We begin by introducing a taxonomy of local occlusion boundary signatures among patterns of stereo matching scores, categorized by the levels of textures in the nearby foreground and background surfaces. This motivates the investigation of detectors for stereo occlusion boundaries in different types of scenes. Based on this motivation, we design a detector using a simple feedforward network with relatively small receptive fields. We show that the local detector produces better boundaries than many other stereo methods, even without incorporating explicit stereo matching, top-down contextual cues, or single-image boundary cues based on texture and intensity.
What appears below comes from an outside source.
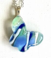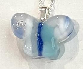 3/4" x 3/4" Full Fused, Hand Cut Mini Butterfly Pendant. Multi Blues and White w/ 18” Silver Plated Chain - $28.00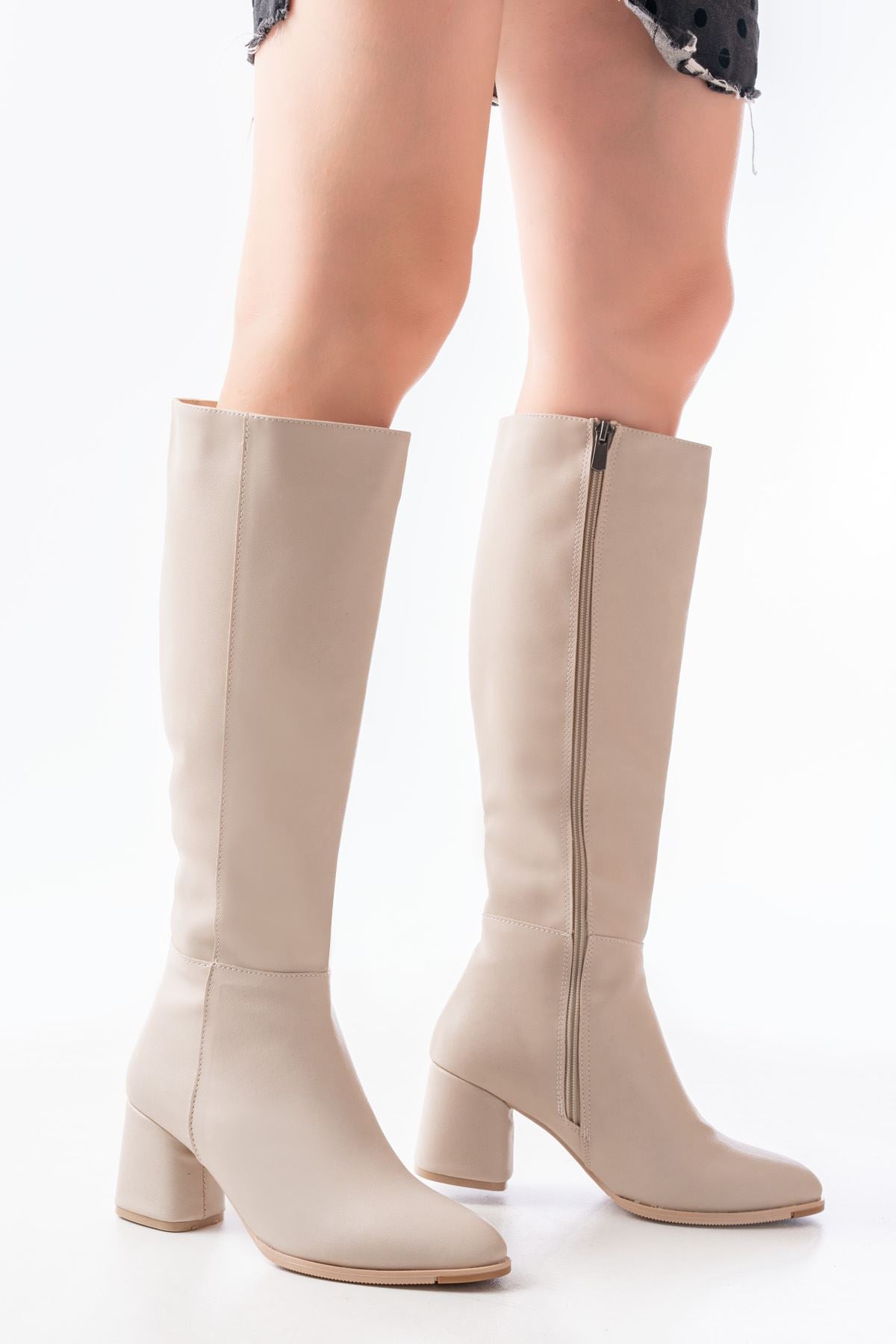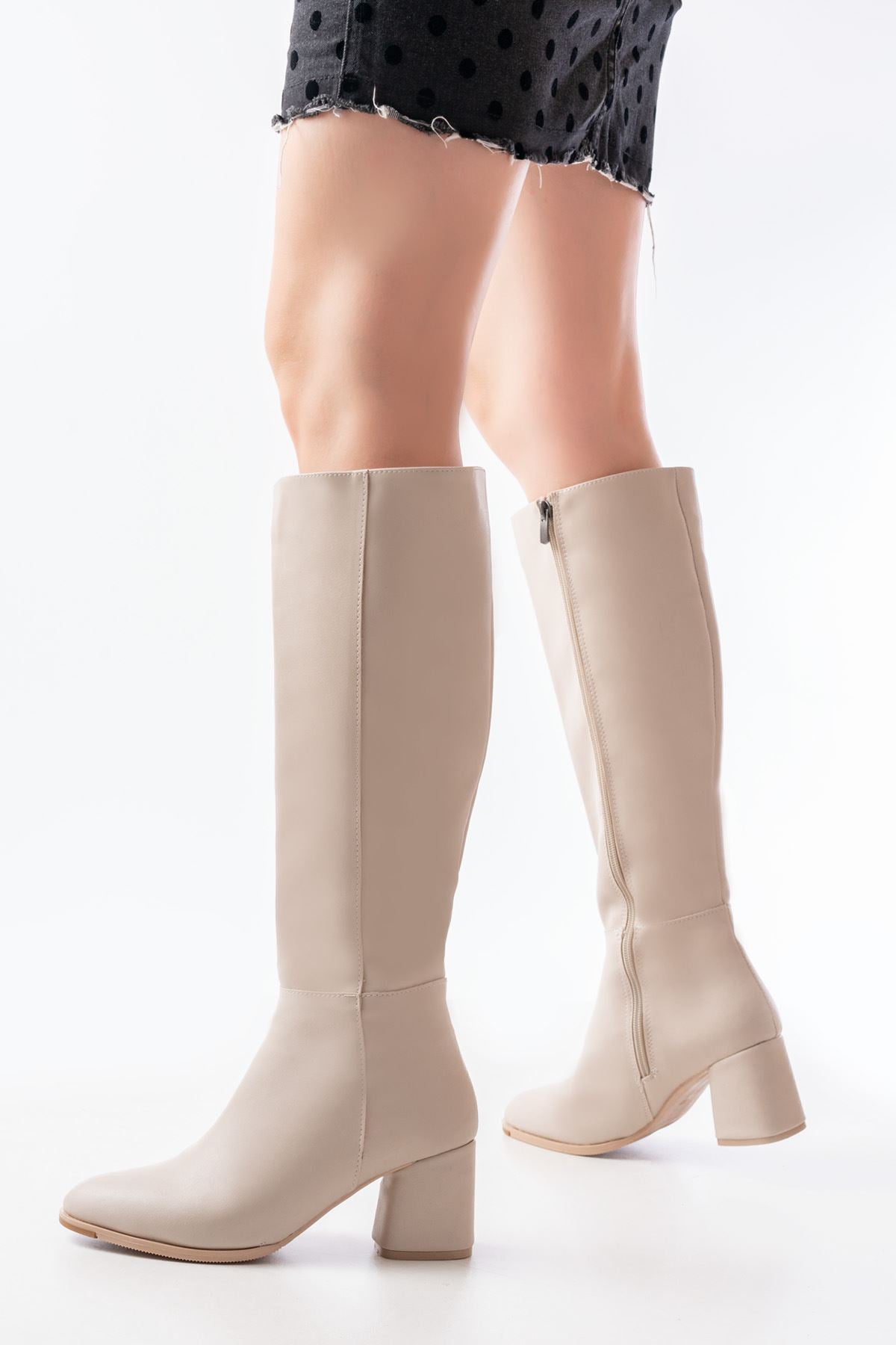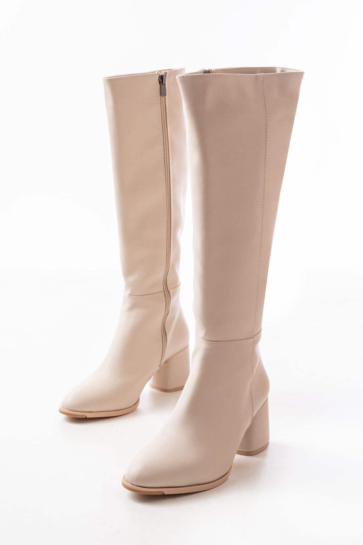 Taferso Bej Topuklu Fermuarlı Günlük Kadın Çizme

Next, we describe two algorithms that successfully integrate the matching and occlusion cues in stereo systems. In both algorithms, we represent the disparity map as a piecewise smooth function with explicit breakpoints between its smooth pieces. The first algorithm re-examines the topic of scanline stereo as energy minimization, and we show with this piecewise smooth representation, matching and occlusion signals can be integrated into a simple objective function that can be optimized using dynamic programming. Experimentally, the global optimum of this objective matches human perception on a broad collection of well-known perceptual stimuli, and it also provides reasonable piecewise-smooth interpretations of depth in natural images. The second algorithm is a 2D bottom-up cooperative approach to stereo disparity estimation in a level-set framework. Focusing on bi-layer, figure-ground scenes, the algorithm properly accounts for occlusion geometry in its objective function. With approximate initialization, it converges to estimates of foreground occlusion boundaries that are more accurate than those of many existing techniques.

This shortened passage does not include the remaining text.